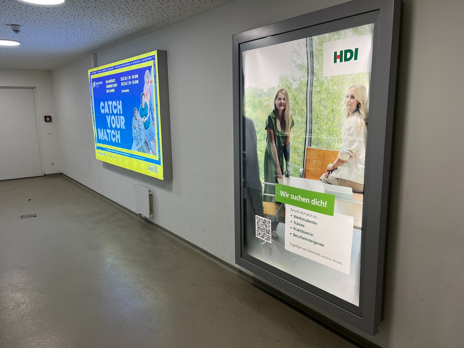 - Großflächige Platzierung klassischer und digitaler Werbemittel auf dem Campus
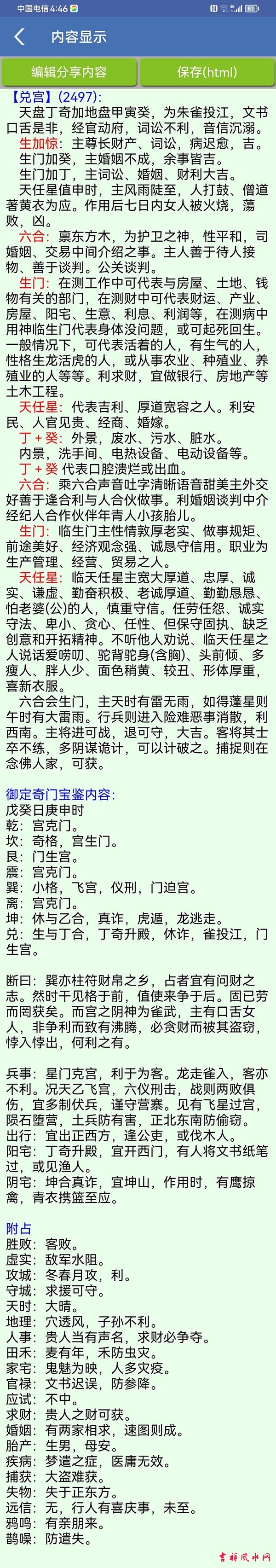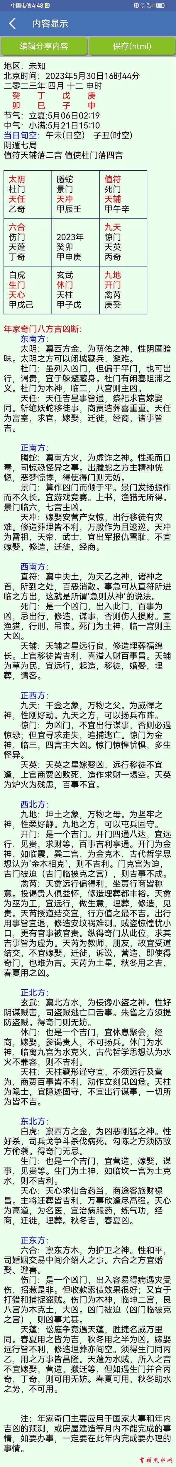 本软件注册费:6年期300元,3年期200元 有需要者加微信gn413168 适用于安卓系统、华为鸿蒙系统使用。 本软件年份跨度是1910到2060年. 本软件时家奇门排局采用两种方法:拆补法和置闰法,用户可根据自己的习惯选用,也可比较两种方法在使用中的准确率孰高孰低。可在程序菜单里的“选项设置”来设定。 张志春先生在其《神奇之门》里提倡使用拆补法,此方法只要掌握一定的规律,随时可手工排局。但置闰法一般要参考万年历,虽然五天一局,但在[芒种]还是[大雪]节置闰难有规律,且不同大师确定的置闰也不尽相同,因此参考奇门节元万年历比较方便。 本程序置闰法中的奇门万年历采用刘金喜主编的《通用易学万年历》(沈阳出版社1993年3月出版)。 “保存示例”可保存当前选定的起局年月日时等信息,针对“时家奇门”。注意要输入“示例名称”。 另外奇门遁甲知识菜单里有大量奇门遁甲资料,供学习参考。 |
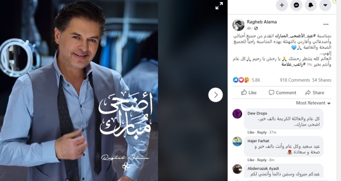 حرص الفنان اللبناني راغب علامة، على تهنئة جمهوره والأمة العربية بعيد الأضحى المبارك، عبر صفحته الرسمية على موقع "فيسبوك".
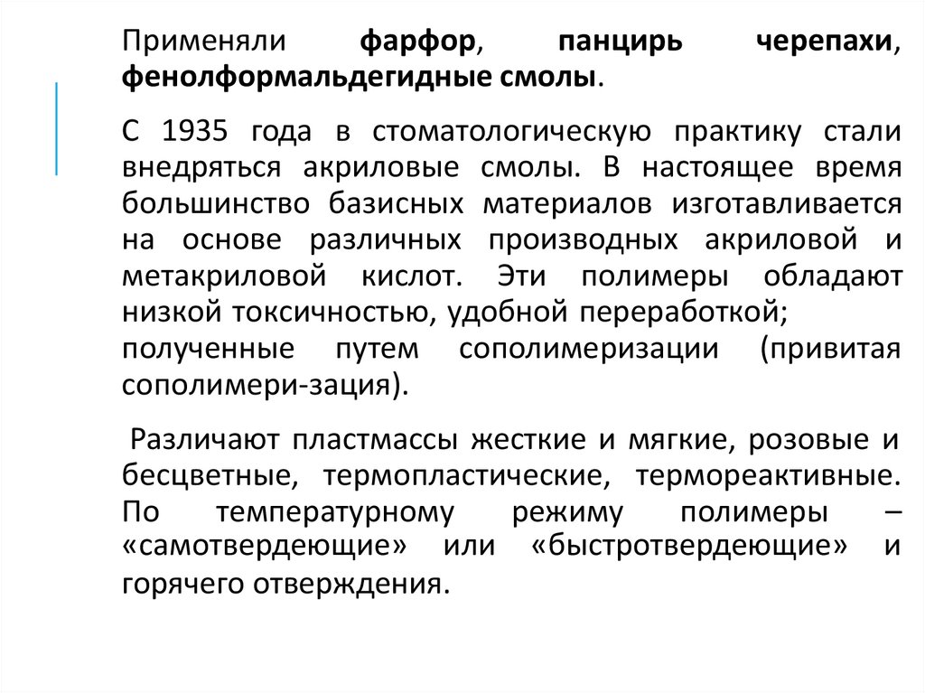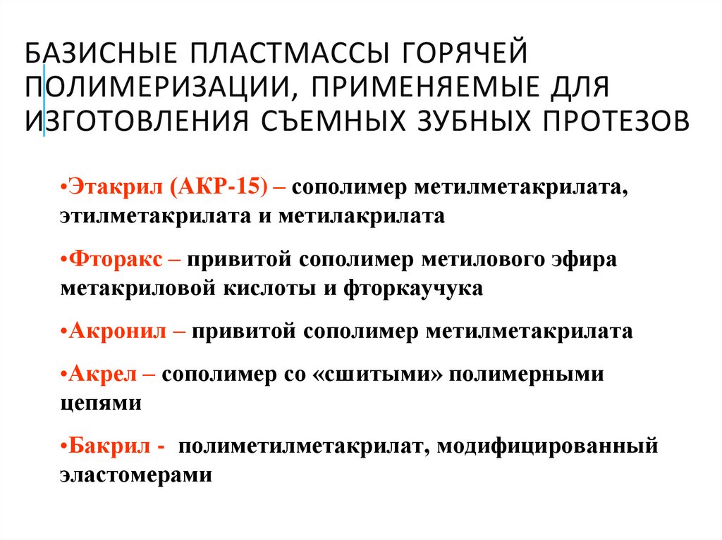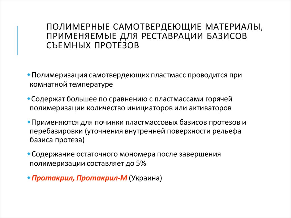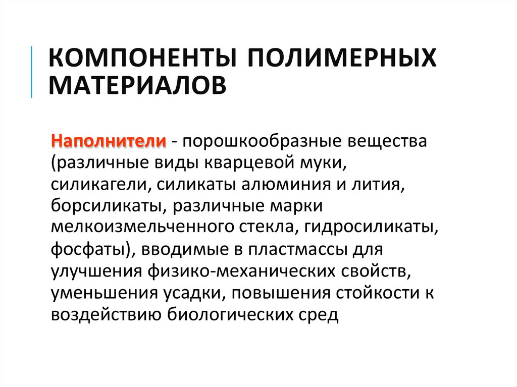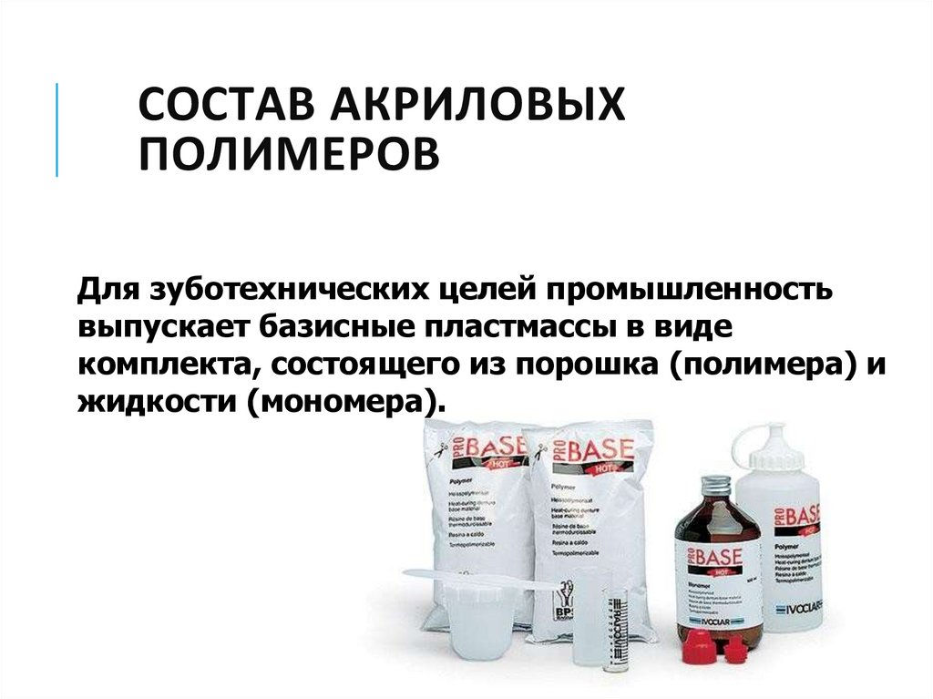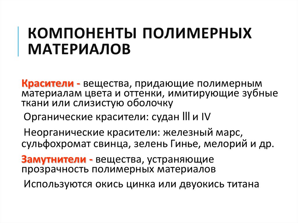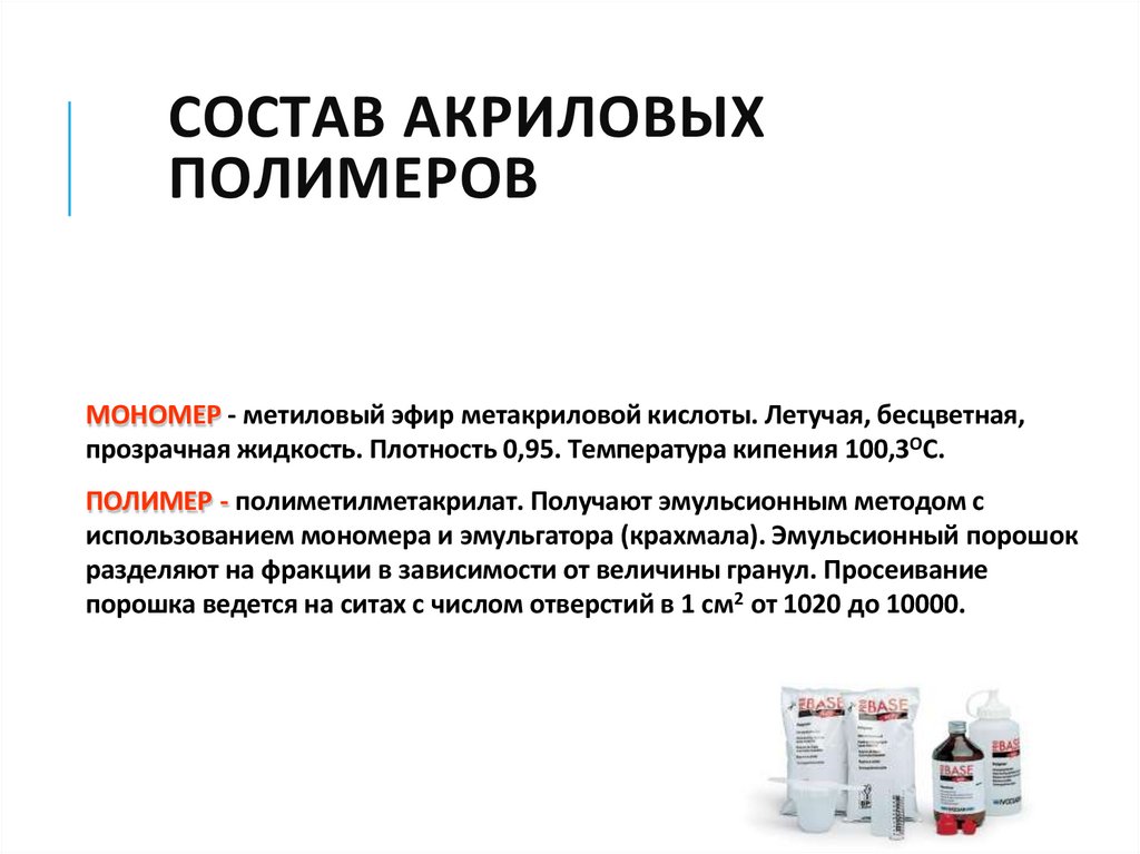 Полимеры в стоматологииИнгредиенты полимерных стоматологических

▶ [Task directions]:
Retype the listing exactly. Leave the pictures out.

▶ [Completed task]:
 - Großflächige Platzierung klassischer und digitaler Werbemittel auf dem Campus
 本软件注册费:6年期300元,3年期200元 有需要者加微信gn413168 适用于安卓系统、华为鸿蒙系统使用。 本软件年份跨度是1910到2060年. 本软件时家奇门排局采用两种方法:拆补法和置闰法,用户可根据自己的习惯选用,也可比较两种方法在使用中的准确率孰高孰低。可在程序菜单里的“选项设置”来设定。 张志春先生在其《神奇之门》里提倡使用拆补法,此方法只要掌握一定的规律,随时可手工排局。但置闰法一般要参考万年历,虽然五天一局,但在[芒种]还是[大雪]节置闰难有规律,且不同大师确定的置闰也不尽相同,因此参考奇门节元万年历比较方便。 本程序置闰法中的奇门万年历采用刘金喜主编的《通用易学万年历》(沈阳出版社1993年3月出版)。 “保存示例”可保存当前选定的起局年月日时等信息,针对“时家奇门”。注意要输入“示例名称”。 另外奇门遁甲知识菜单里有大量奇门遁甲资料,供学习参考。 |
 حرص الفنان اللبناني راغب علامة، على تهنئة جمهوره والأمة العربية بعيد الأضحى المبارك، عبر صفحته الرسمية على موقع "فيسبوك".
 Полимеры в стоматологииИнгредиенты полимерных стоматологических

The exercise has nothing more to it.